His party, Jana Sena, contested the 2023 Telangana Assembly elections and lost its deposits. Is that a reason to be angry with Telangana’s people? After all, in 2019, it was the people of Andhra Pradesh who defeated him in both constituencies he contested and reduced him to political insignificance.
Likewise, the TDP, which shifted its base to Vijayawada after bifurcation, returned in 2018 to contest Telangana elections under the Congress umbrella and learned what Telangana voters thought of it. The issue, therefore, is not migration, residence, business or political participation.
Also Read: Pawan Kalyan would do well to bother about Andhra. He’s a non-entity in Telangana
The real question is why such strong opposition arose against Pawan Kalyan’s proposed 2 June programme and why permission was denied.
The answer is straightforward. If his professed affection for Telangana were genuine, he would not have chosen 2 June for political provocation. For Telangana’s people, 2 June is a sacred day. It marks the achievement of statehood after decades of struggle and sacrifice.
If he had extended sincere greetings on State Formation Day and held his programme on another date, there might have been little objection. Instead, he chose confrontation. He convened a press conference, challenged Telangana’s sentiments, injected nationalism into a local political issue and sought to provoke intervention from the Union government.
That was a serious mistake. In one sense, however, this episode has benefited Telangana. Twelve years after achieving statehood, it has reminded people of the dangers posed by migrant political forces and renewed public vigilance.
Even after all this, nobody can object if Pawan Kalyan wishes to do politics in Telangana or contest elections there. The Constitution grants him that right, as it does every citizen. But he and those encouraging him from behind the scenes should understand one thing by now.
The people of Telangana are not inclined to provide political feed to migrant political forces. They may welcome people, accommodate them, do business with them and live alongside them. What they are far less willing to do is hand over their political future to those who arrive carrying ready-made narratives and borrowed notions of nationalism.

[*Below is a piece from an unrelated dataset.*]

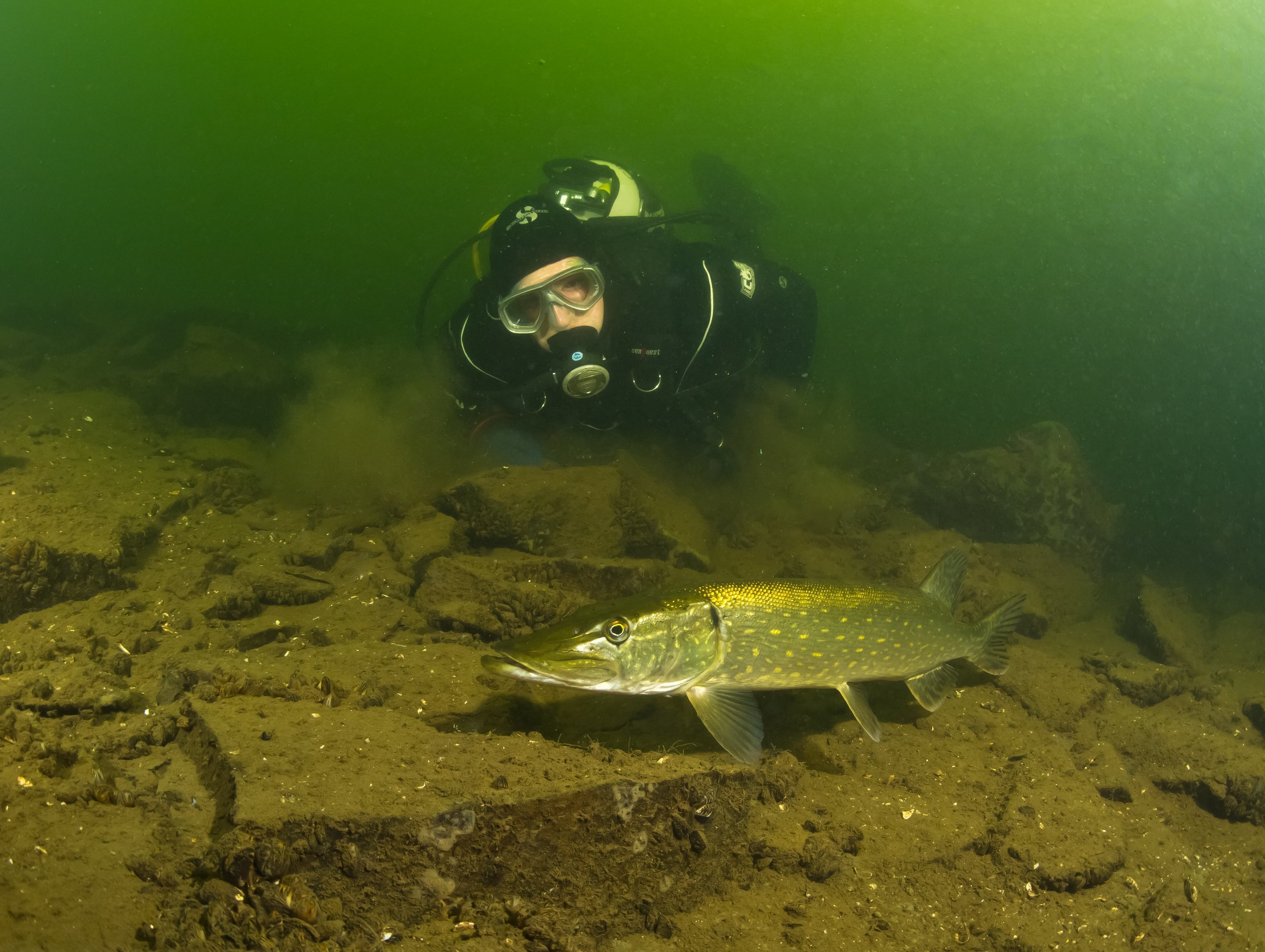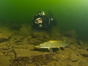 Künstlich angelegte Riffe, die frei schwebend im Wasser aufgehängt sind, bieten zahlreichen Fischen genügend Unterschlupfmöglichkeiten. Sie geben Halt für Schwämme, Muscheln, Moostierchen und Süßwasserpolypen. Wenn Du den Tauchgang richtig machst, tauchst Du durch Fischschwärme mit hunderten von kleinen Barschen, die an Glasfischschwärme in tropischen Meeren erinnern. Mit etwas Glück und natürlich viel einfacher mit Kenntnis vom Gewässer, kannst Du folgende Fische beobachten: Welse, Hechte, Karpfen, Zander, Barsche, Rotfedern, Plötze, Sonnenbarsche, Aale, Aalquappen, Schleie, Döbel und Karauschen. Auch Krebse sind in großer Zahl im Gewässer zu finden.

If Telangana’s assertion of regional identity is to be condemned as anti-national, what then of Potti Sriramulu? He sacrificed his life demanding that the Andhra region be separated from Madras State. Was he also acting against national unity? If not, why did Pawan Kalyan travel directly from Telangana on 3 June to pay homage at Potti Sriramulu’s statue, a day that was neither his birth anniversary nor his death anniversary?
Those in the Union government who are encouraging Pawan Kalyan’s interventions in Telangana would do well to reflect on that question.